Effects on the Financial Statements and the user of the financial statements:
This will decrease net income, thus decrease tax, and also decrease assets as less cost
s are capitalized.

Issue #2: How to record non-monetary exchange?
Case Facts & Analysis:
SKI ordered a shipment 6,000 insulated fabric gloves, which it in return provided leather gloves and $2,000. Under IFRS, it is a non-monetary exchange with commercial substance since the gloves are made of different materials.

Appropriate Treatment:
It should be valued at the fair value of the asset given up or the fair value of the asset received if this is more reliably measurable. Gains and losses should recognize immediately. Accordingly, SKI should use the fair value of leather gloves given up as it is more reliable.

Recommendation:

SKI should debit fabric gloves as $194000 and credit leather gloves as $170000, cash as $2000 and gain as $22000.

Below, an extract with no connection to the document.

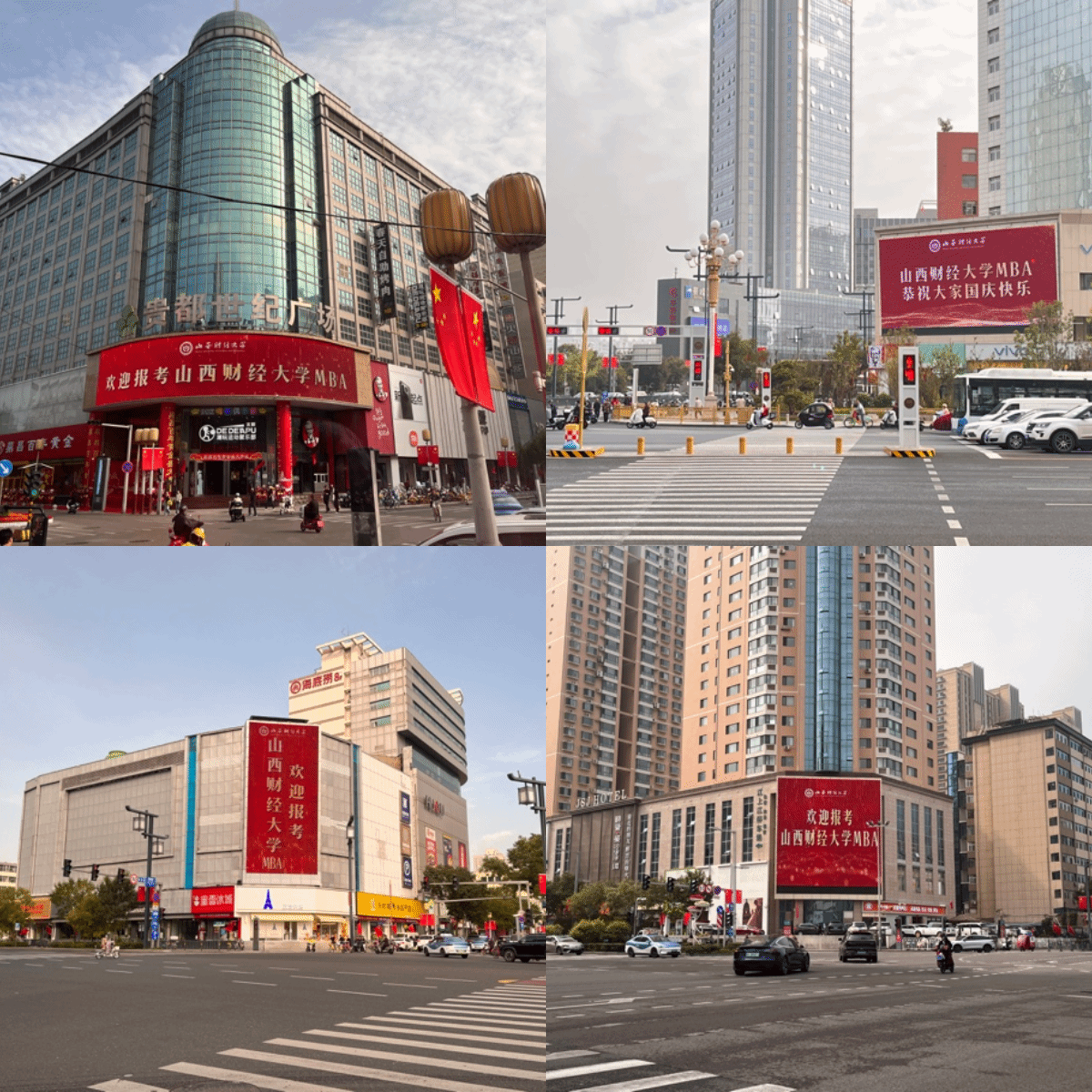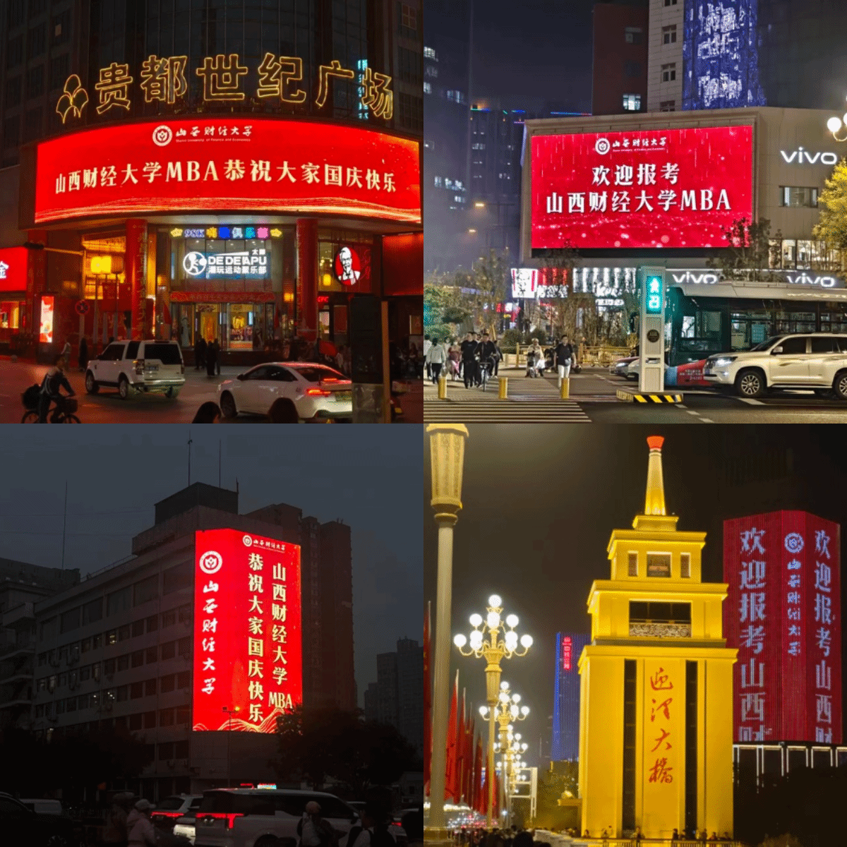 9月28日,太原市三晋第一屏——迎泽大街大南门LED大屏、太原第一商业街——柳巷贵都LED大屏、城南第一屏——亲贤街王府井百货对面LED大屏、开化寺商圈第一屏——开化寺屏、平阳路气象屏等多个省城核心地标户外大屏同时点亮,滚动播出着“tyc151cc太阳MBA恭祝大家国庆快乐”、“欢迎报考tyc151cc太阳MBA”等温馨祝福与诚挚问候。在国庆佳节即将来临之际,鲜艳的“财大红”再次点亮龙城夜空,向社会各界送上诚挚的节日问候与祝福。

Effects on the Financial Statements and the user of the financial statements:
This transaction will increase net income and thus increase the tax, and increase inventory. Thus, the profitability of SKI might be positively affected.

Issue #3: How to record the new sales initiatives?
a. Case Facts & Analysis:

SKI shipped 1,000 snowmobiles to Speed and offered it the right to return any units that could not be sold before the end of the winter season in March 2017. They already recorded sales of $280,000. Measurability is reasonable certain and collectability is reasonably assured. Yet, since return is allowed, risks and rewards have not passed for the goods that may have chance to be returned. Thus, only the unreturned portion fulfills the three revenue recognition criteria stated under IFRS.

Appropriate Treatment:
SKI should make an estimation on the portion of goods that may be returned. It should recognize revenue for the goods to which it expects to be entitled. Whereas, for the goods it estimates are going to be returned, no revenue is recognized, rather a refund liability is recognized.

Recommendation:

Say if SKI estimated only 10% of goods will be returned as it believes that there is high customer demand for the product and returns will be minimal.

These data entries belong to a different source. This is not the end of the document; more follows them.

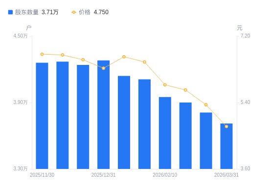 近一年(2025年3月31日至2026年3月31日),*ST椰岛A股股东户数从7.57万户,减低至3.71万户,降幅50.97%,区间股价下跌23.88%。
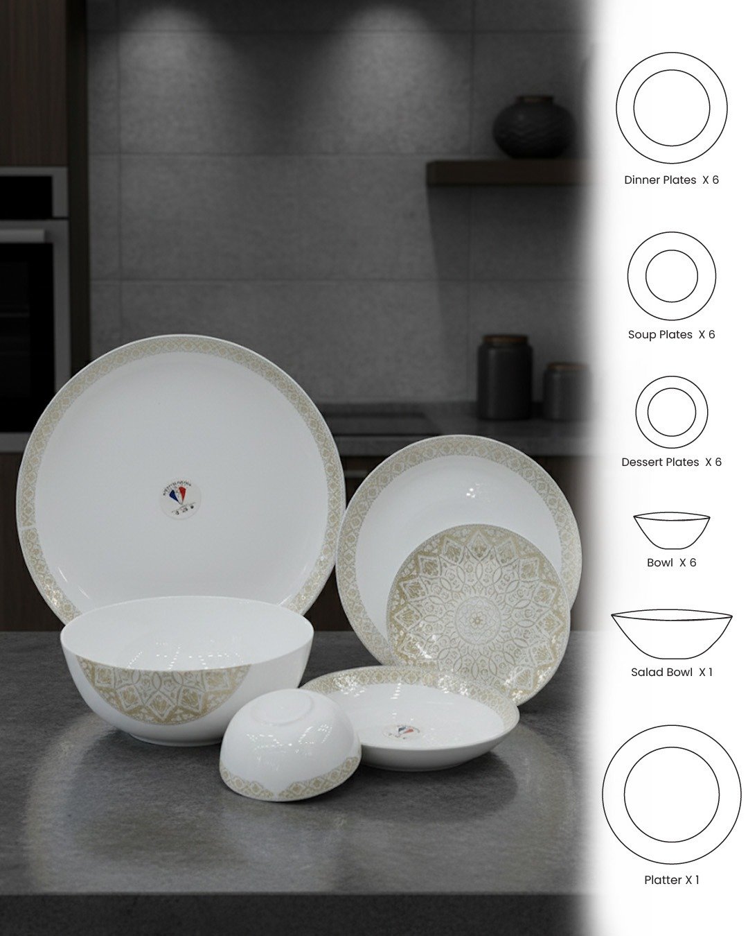 26-Piece Opalware Dinner Set with Elegant Golden/Silver Motif
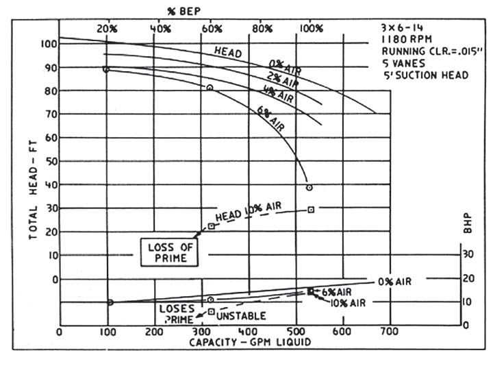 隨著氣體百分比的�(jìn)一步增加,性能開始迅速惡化,直到泵變得不�(wěn)定并失去啟動(dòng)。增加葉輪和泵殼之間的運(yùn)行間隙(0.004 � 0.008 毫米)允許額外的泄漏,這可能有助于防止在較高氣體濃度下的填料損失�
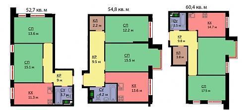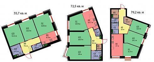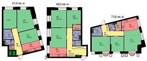 Окон в трехкомнатных квартирах предостаточно, однако, в диапазоне 61-74 кв. м покупателю предлагаются только евро-планировки.
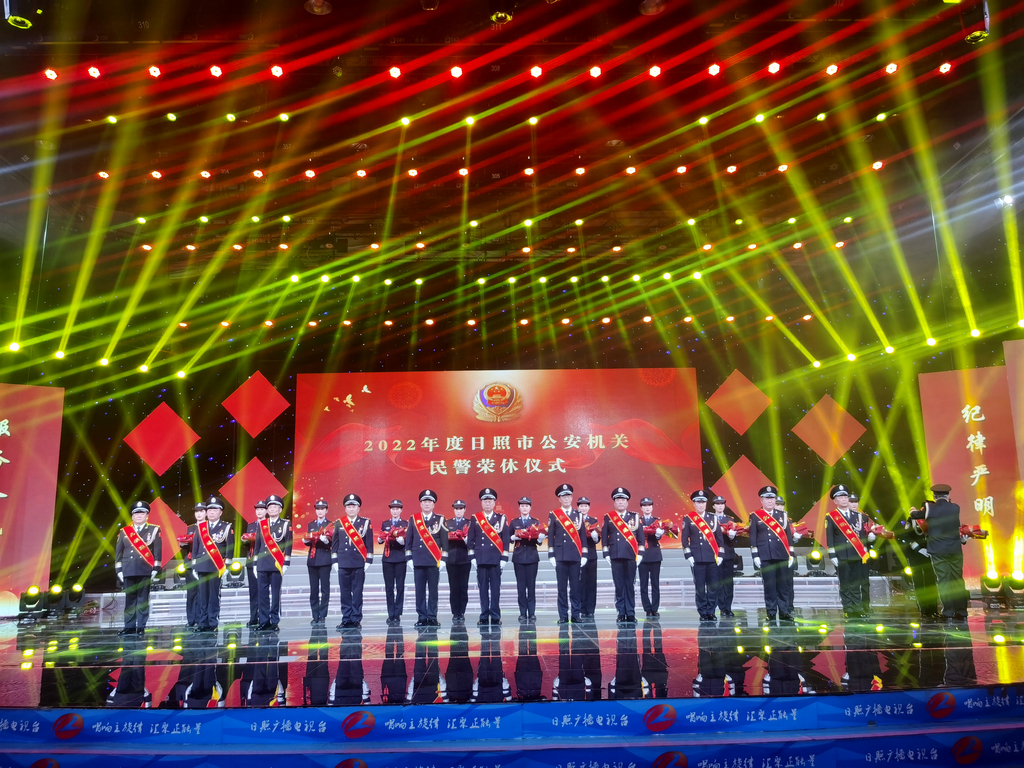 當天19:00,在日照廣播電視臺演播大廳,隆重舉辦了報告演出。日照市副市長、公安局局長李剛致辭。會上隆重舉行了2022年度警銜晉升儀式、2022年度民警榮休儀式、表彰了“人民滿意的派出所”等先進集體,中間通過精彩的節目,生動地將反詐騙、刑偵偵察、維護交通秩序等呈現在舞臺上,展現了日照公安為人民的良好作風,同時也讓廣大市民了解各種法律法規知識,并起到了很大的反響,并紛紛表示在生活、工作中,一定會根據匯報內容,做好宣傳工作,普及法律法規知識。

SKI should debit cost of sales as $170000 and credit inventory as $170000 to adjust the inventory amount. Besides, it should debit cash as $280000 and credit refund liability as $28000 ($280000*10%) and revenue as $252000.

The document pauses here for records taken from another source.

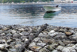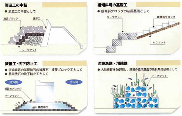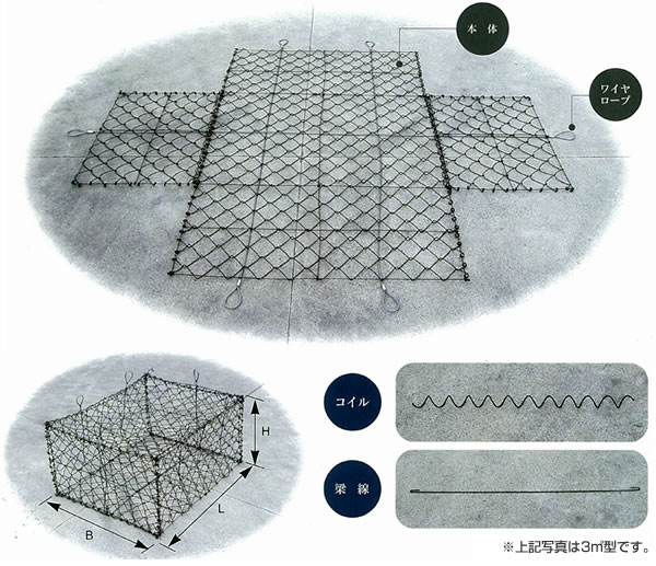 リーフマットとは、特殊ポリエチレン被覆線材を使用し、従来製品に比べて耐久性や強度などに優れたかご製品です。
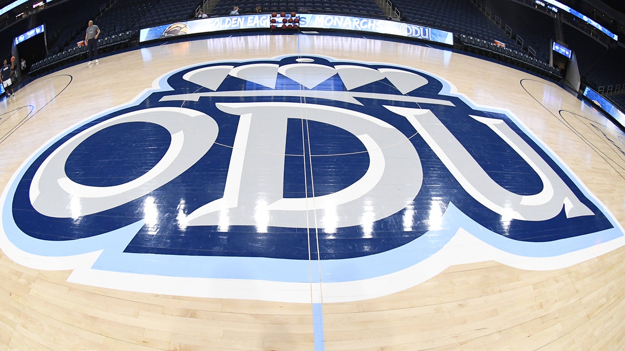 The Old Dominion Monarchs logo at the Ted Constant Convocation Center on March 6, 2019, in Norfolk, Virginia. (Mitchell Layton/Getty Images)
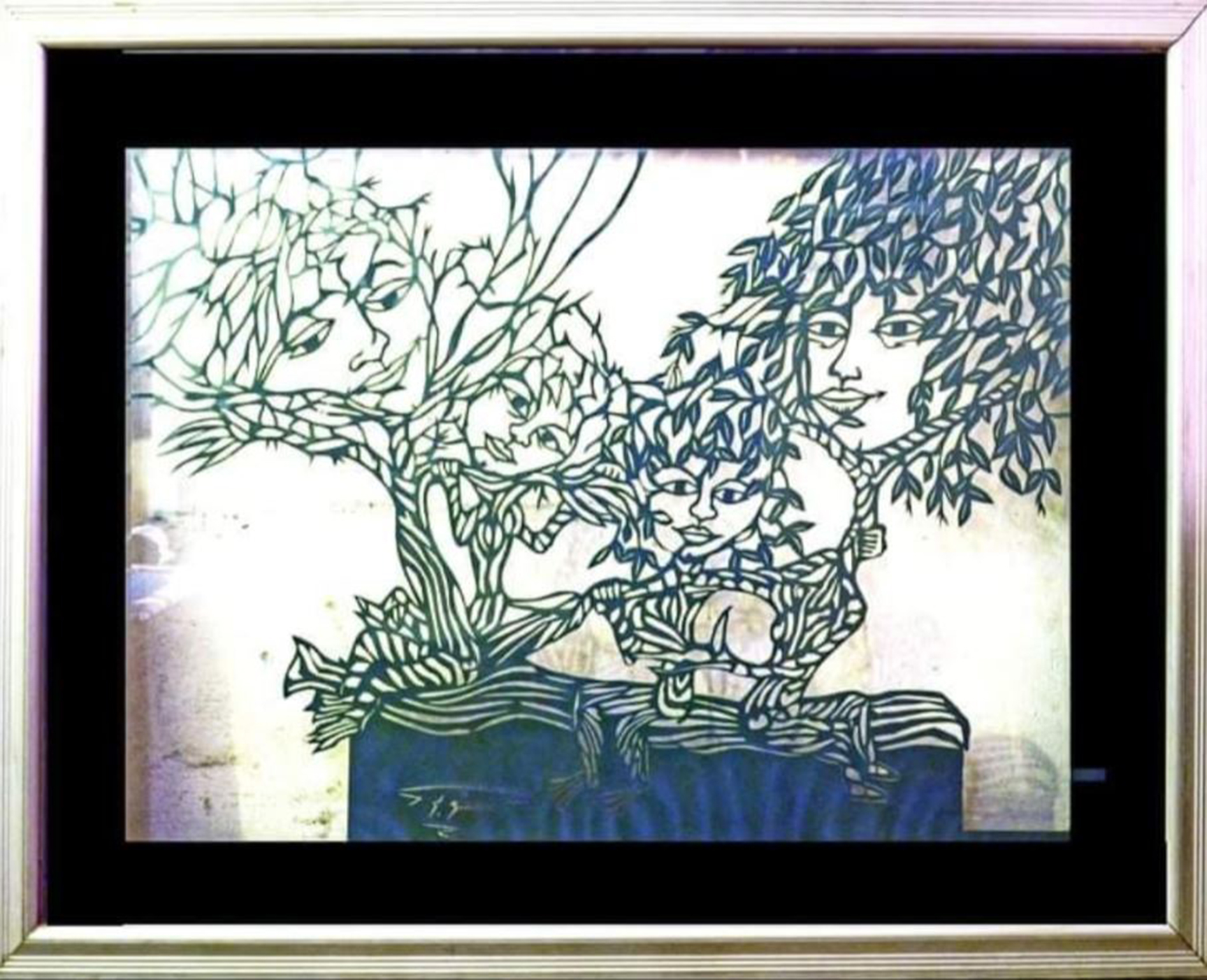 Maintenant, il fait des formations avec des ciseaux pour la nature. En contemplant sa beauté, cela ressemble à une icône de la créativité. Le papier est l’une de ses expériences les plus importantes. Il ne fait pas de collage (couper-coller), mais il prend papiers de couleur des journaux, des magazines et des affiches de propagande) pour faire des rêves et des contes de la porte de la mémoire et des contes de sa mère, son seul amour et l’une des raisons les plus importantes de son bonheur dans la vie, alors quand vous voyez des peintures de Nouby, vous sentirez une abondance de sentiments d’amour et de tendresse. Chaque action est une invitation à l’amour, un messager de paix et une partie importante de l’énergie créatrice qui est transmise de l’œil et du cœur de Nouby.
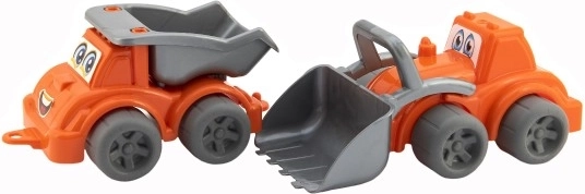 Aizraujošs divu plastmasas celtniecības transportlīdzekļu komplekts iepriecinās ikvienu mazo būvnieku. Tajā ietilpst iekrāvējs un automašīna ar kravas kasti, abi ar brīvgaitu, izgatavoti no izturīgas plastmasas. Ideāli piemērots kā dāvana bērniem no 12 mēnešu vecuma.
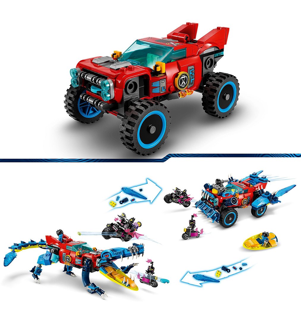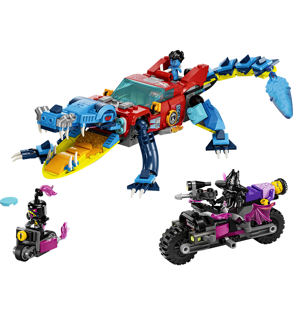 L'ensemble LEGO DREAMZzz comprend 2 options de construction et de nombreuses instructions guidées par l'histoire pour un jeu imaginatif, encourageant les enfants à choisir leur propre aventure et à profiter de deux fois plus de temps de jeu. Ils peuvent décider de construire une voiture crocodile pour combattre les cauchemars ou un tout-terrain LEGO super rapide et un mini-bateau pour les poursuivre. En mode crocodile, le véhicule a des bras et des jambes amovibles et un lanceur de disques caché dans la calandre pour que les enfants puissent tirer des disques de la bouche du crocodile. En mode camion, le camion monstre a des roues qui roulent et un toit amovible pour qu'une minifigurine puisse s'asseoir à l'intérieur. Le jeu de construction comprend une figurine LEGO DREAMZzz Logan, les minifigurines Cooper et Jayden, ainsi que le chasseur nocturne, qui est accompagné d'une moto cool et d'un assistant maléfique.

Effects on the Financial Statements and the user of the financial statements:

This treatment will decrease net income, which decreases the tax paid and increase liability.

b. Case Facts & Analysis:
SKI structured a contract with Rides that no payments to SKI were required to be made until the snowmobiles were sold to Rides’ customers. Under IFRS, this is a consignment sale. However, SKI recorded sales of $280,000 and cost of sales of $175,000 when the shipment was made in September.

Appropriate Treatment:
When SKI ship the inventory, they still cannot record it as revenue as it still retains control over the inventory and possess its legal title and risks of ownership. It can only record as revenue when Rides sell the goods. Since Rides only sold 40% of the inventory at the end of 2016, SKI can only record this portion as revenue.

Recommendation:

When goods are shipped to Rides, SKI should debit inventory on consignment as $175000 and credit inventory as same amount. When it notifies that Rides sells the goods, it should debit cost of goods sold $70000 ($175000*40%) and credit inventory on consignment as same amount to adjust the inventory amount. Also, it should debit accounts receivable $112000 (280000*40%) and credit consignment sales as same amount.

Effects on the Financial Statements and the user of the financial statements:
This treatment will decrease net income through decrease in sales revenue, and reduce tax paid. The amount of inventory on balance sheet will be higher.